|The following article is part of conference coverage from the European League Against Rheumatism (EULAR) Congress 2018 in Amsterdam, The Netherlands. Rheumatology Advisor’s staff will be reporting breaking news associated with research conducted by leading experts in rheumatology. Check back for the latest news from EULAR 2018.|
Only approximately half of patients in the United States who start tumor necrosis factor-alpha inhibitor (TNFi) therapy are screened for tuberculosis prior to therapy initiation, demonstrating a substantial need for greater adherence to screening guidelines among practicing physicians, according to a study presented at the European League Against Rheumatism (EULAR) Congress, held in Amsterdam, June 13 to 16, 2018.

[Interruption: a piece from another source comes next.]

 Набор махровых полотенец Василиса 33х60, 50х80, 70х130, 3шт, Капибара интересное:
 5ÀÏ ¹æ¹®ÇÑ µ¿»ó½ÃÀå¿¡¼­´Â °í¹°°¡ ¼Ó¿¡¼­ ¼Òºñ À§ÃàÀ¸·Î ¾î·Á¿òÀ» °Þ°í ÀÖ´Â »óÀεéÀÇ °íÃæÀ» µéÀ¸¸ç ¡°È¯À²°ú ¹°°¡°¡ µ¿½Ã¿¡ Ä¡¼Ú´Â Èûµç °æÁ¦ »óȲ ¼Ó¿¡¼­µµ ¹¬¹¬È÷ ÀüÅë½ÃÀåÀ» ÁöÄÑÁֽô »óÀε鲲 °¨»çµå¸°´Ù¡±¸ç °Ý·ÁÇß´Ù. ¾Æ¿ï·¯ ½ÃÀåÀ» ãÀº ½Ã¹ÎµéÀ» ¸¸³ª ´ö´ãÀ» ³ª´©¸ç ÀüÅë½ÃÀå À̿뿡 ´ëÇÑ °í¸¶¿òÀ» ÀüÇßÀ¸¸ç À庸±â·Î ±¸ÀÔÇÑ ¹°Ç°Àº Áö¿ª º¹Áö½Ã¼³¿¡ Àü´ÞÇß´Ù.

“TNFis effectively treat various autoimmune conditions, but drastically increase the risk of tuberculosis reactivation,” the study investigators wrote. “Multiple international guidelines recommend screening for TB prior to initiating TNFi therapy. In the United States, this has also been incorporated into the Medicare Merit-Based Incentive Payment Systems quality measures, which affect physician remuneration.”

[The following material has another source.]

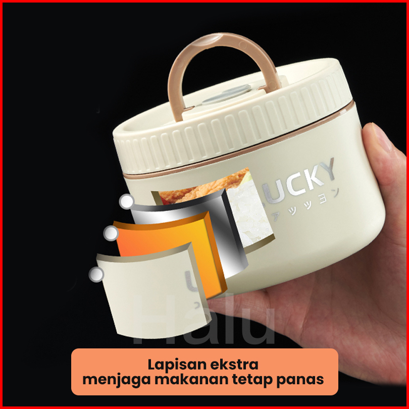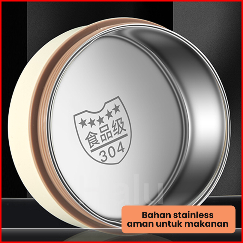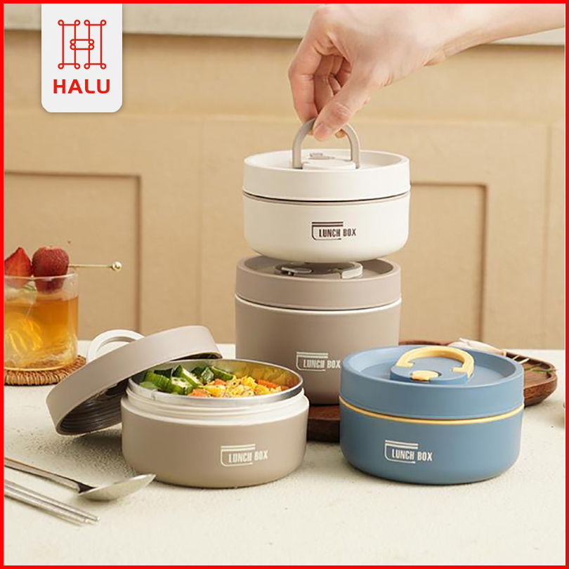 Halu Round Lunch Box Tempat Makan Tahan Panas Kotak Makan Portable Stainless Steel Hmb106

Patients with an autoimmune disorder for whom clinical data were recorded in the Truven MarketScan Database from 2011 to 2015 and who were scheduled to start therapy with a TNFi were included in the retrospective analysis (n=78,088). Only patients with a 6-month washout period were enrolled in the study. Screening for tuberculosis via interferon gamma release assays or tuberculin skin testing during a 6-month washout period comprised the primary outcome.
In the cohort, the most commonly prescribed TNFis were adalimumab and etanercept. Rheumatologic (50.8%), gastrointestinal (22.4%), dermatologic (17.6%), and ophthalmic (0.8%) indications represented reasons for TNFi therapy initiation. Only 16.4% of participants were treated by primary care providers, whereas the majority of patients received specialized care from a rheumatologist.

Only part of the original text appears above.